The Search for the Missing Lady
A Few Analytical Comments
The movie featured some subtle commentary on human behavior. Charters and Caldecott were in a position to help when the search for Mrs. Froy first stared but they were too concerned that any delay in the train would derail their plans to get back to England and their coveted cricket test matches. During the scene, however, when the train is stopped and a gun battle takes place both stopped their indifference and helped a lot. As it turns out when they did arrive in London they learned that the matches had been cancelled due to flooding anyway.

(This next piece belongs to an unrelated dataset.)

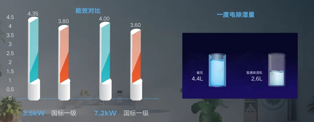 格力睿风系列风管机采用全直流变频技术,冷热均节能,APF 较国标一级能效要求平均高12.8%。变频除湿模式下平均一度电可取水4.4L,相比普通除湿机一度电取水2.6L,更为高效节能。

Mr. Toddhunter played the role of an indifferent pacifist not wanting to get involved, always trying to avoid scandal. His girlfriend wanted him to fight and participate in protecting the train. He instead steps off in an effort to surrender only to be shot dead right away saying. “I don’t understand”. He had refused to accept the gravity of the situation and step out of his own world to help in the securing of Mrs. Froy.
The nun who was not a nun became sympathetic to Gilbert, Iris and Mrs. Froy and helped them. She had realized the error of her ways, changed and had started doing the right thing.
When Mrs. Froy was explaining her spy role to Gilbert and Iris then left the train shots were fired and the audience didn’t know if she was hit or not; this happened several times – good cinematography.
Iris fell in love with Gilbert in the adventure despite his initial boorish behavior. - 1st impressions can change and she dumped Charles whom she didn’t want anyway.